Material for this exercise:
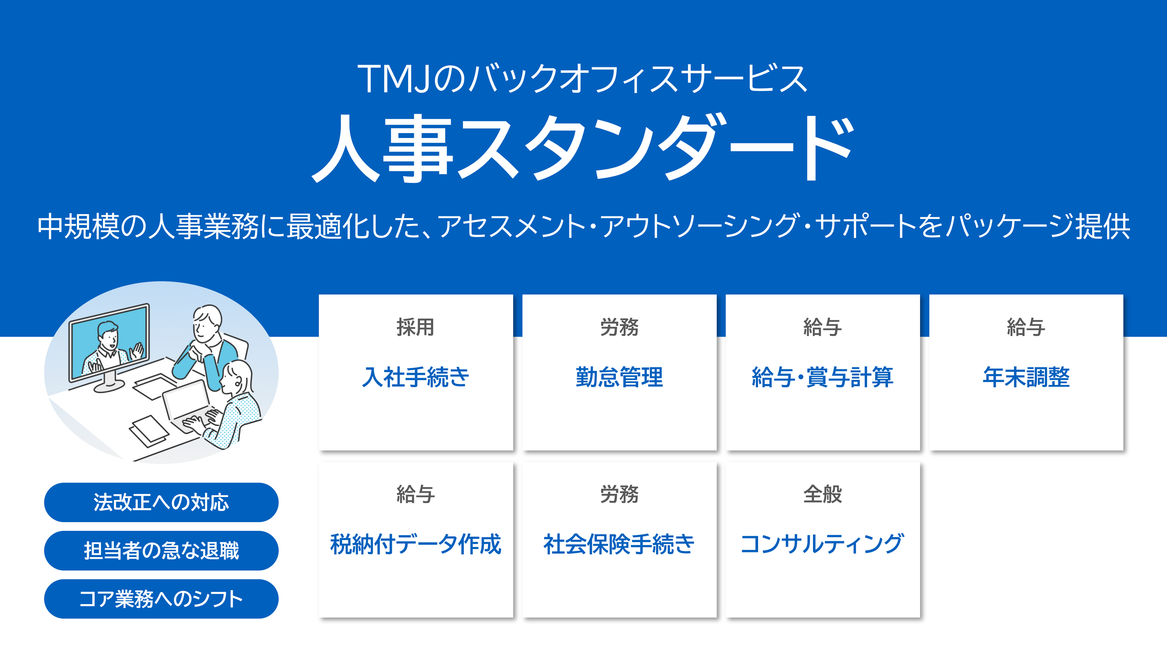 そこでTMJでは、代表的な人事定型業務を業務規模にあわせた標準化を図りました。また、セコムグループへの複数企業へサービス提供を行い、各企業の人事担当者とアウトソーシングにて年次・繁忙業務もスムーズに行い、全体最適化を実現したため、主に中堅企業の人事部門の問題解決を支援するサービスとしてパッケージングを行い、バックオフィスサービス『人事スタンダード』を提供開始する運びとなりました。
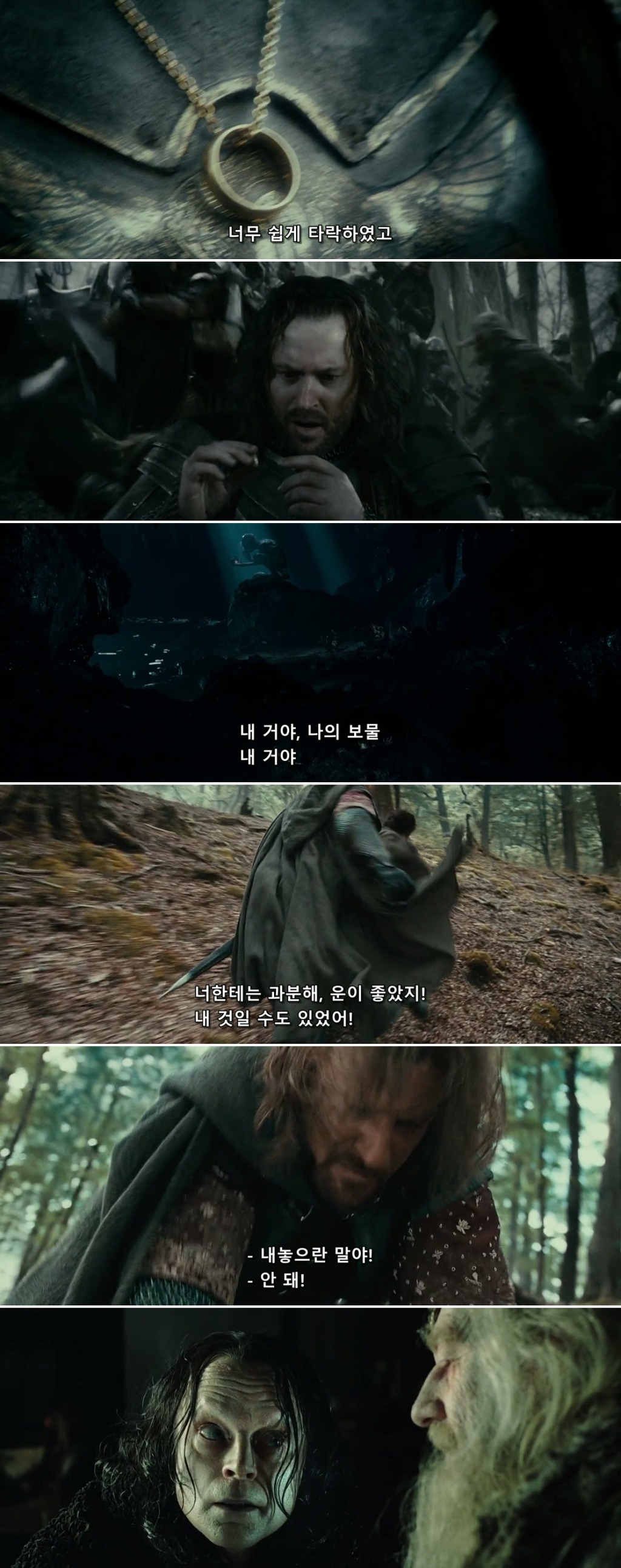 프로도가 반지를 주겠다고하자. 금방 탐욕에 사로잡혀버립니다.
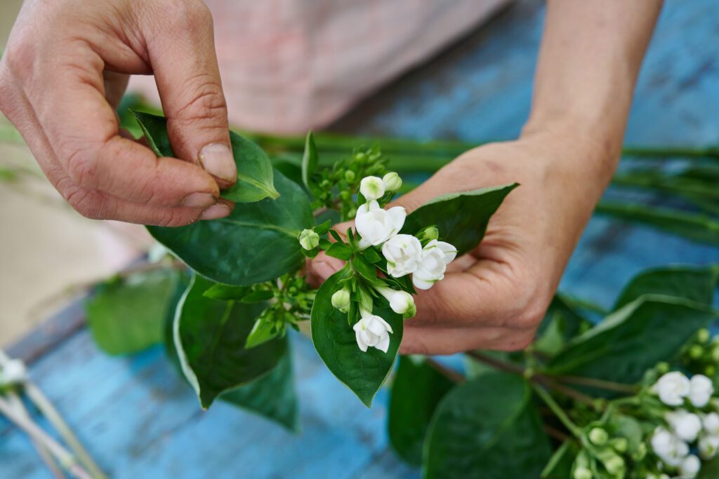 Step 2: Carefully clean the flowers. Remove excess leaves from the Bouvardia flowers, to show off the flowers themselves.
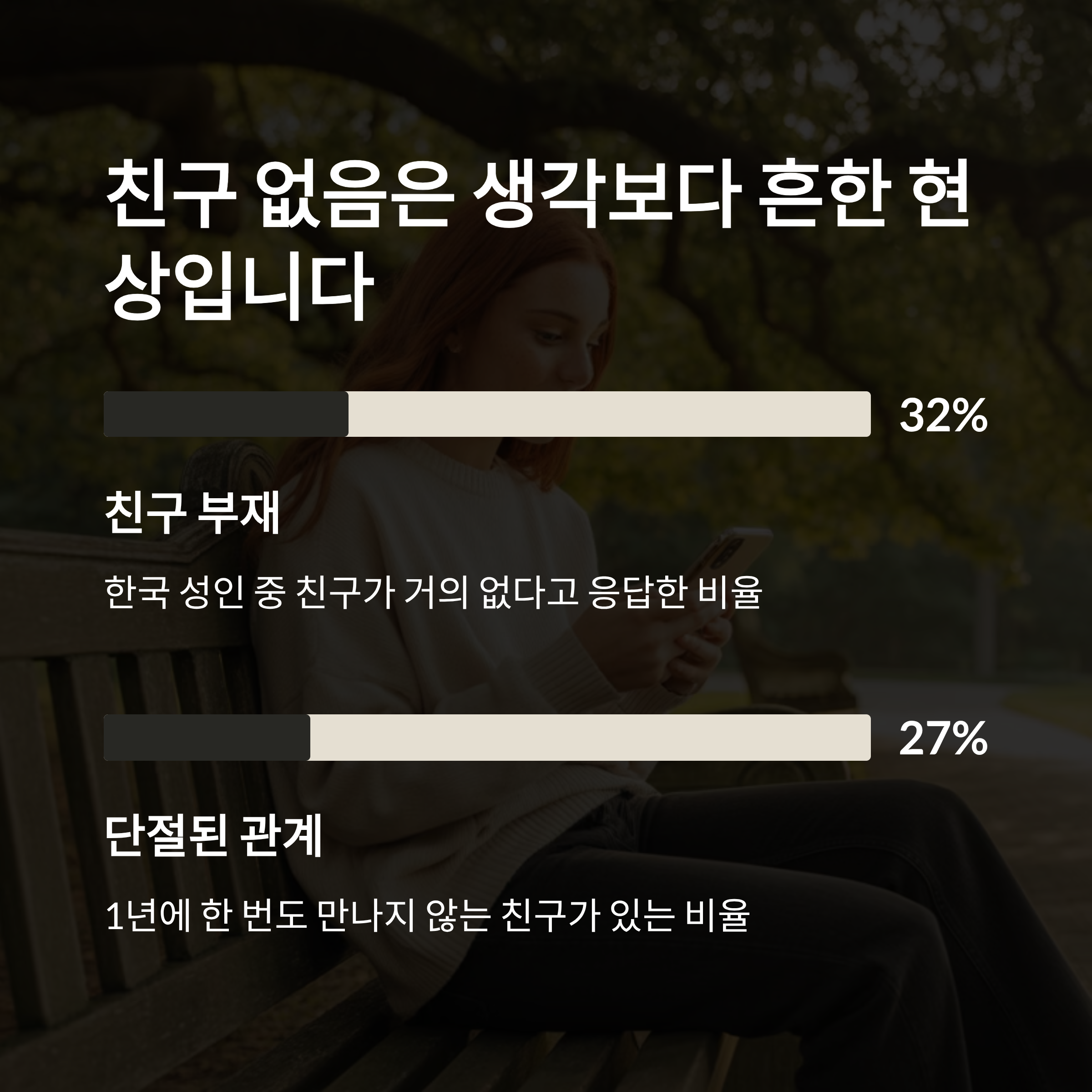한국 성인의 32%는 친구가 거의 없다고 응답했고,
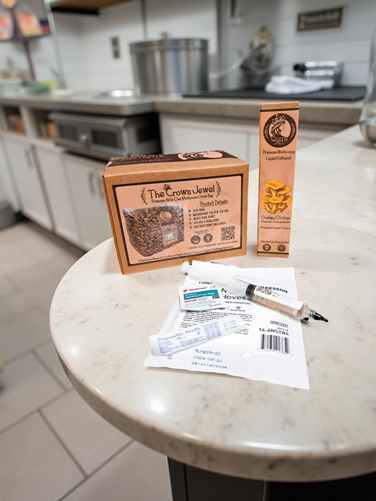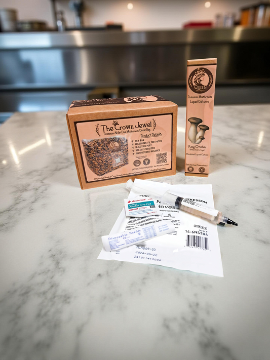 Ready to scale your empire? Each kit includes a 3LB Golden Harvest grain bag, 3LB Sovereign Soil bulk substrate, and a premium liquid culture syringe. Designed for bigger grows, better control, and bountiful royal harvests.
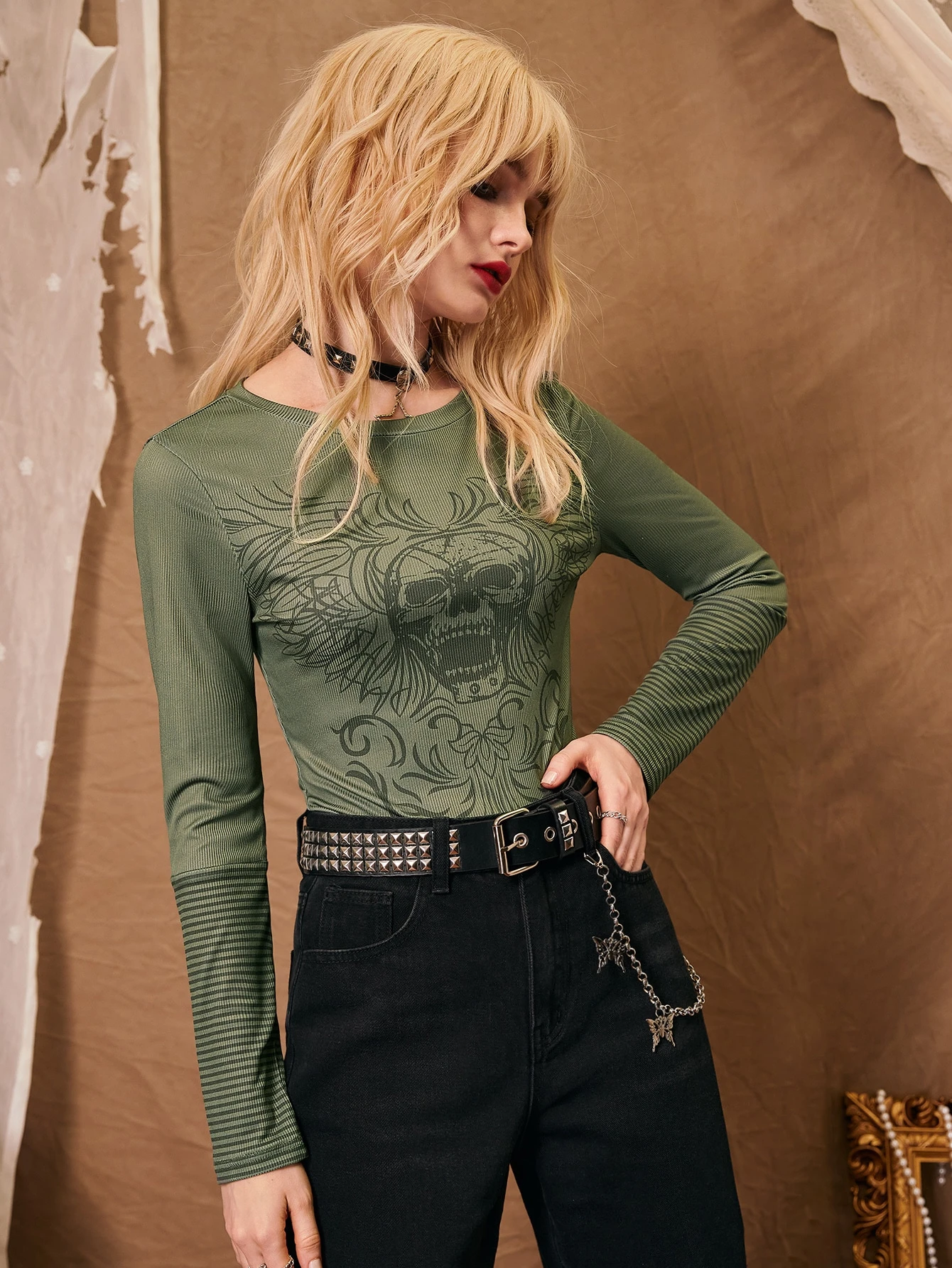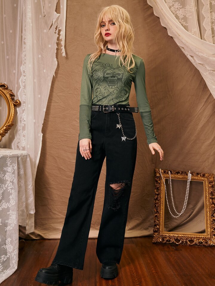 T-shirt à imprimé tête de mort à rayures
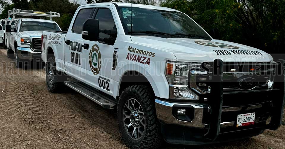 Unidad de la Dirección Municipal de Protección Civil en el sitio donde fue localizado el cuerpo sin vida de un hombre en el río Bravo en Matamoros
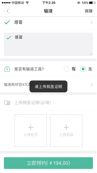 某“共享护士”平台要求预约时提供就医证明,但记者提供虚假资料也能通过审核。 手机截图

What you should do: Extract only the lines from the one that contains "Unidad de la" through the end of the records, inclusive, and omit every picture.

Exercise answer:
 Unidad de la Dirección Municipal de Protección Civil en el sitio donde fue localizado el cuerpo sin vida de un hombre en el río Bravo en Matamoros
 某“共享护士”平台要求预约时提供就医证明,但记者提供虚假资料也能通过审核。 手机截图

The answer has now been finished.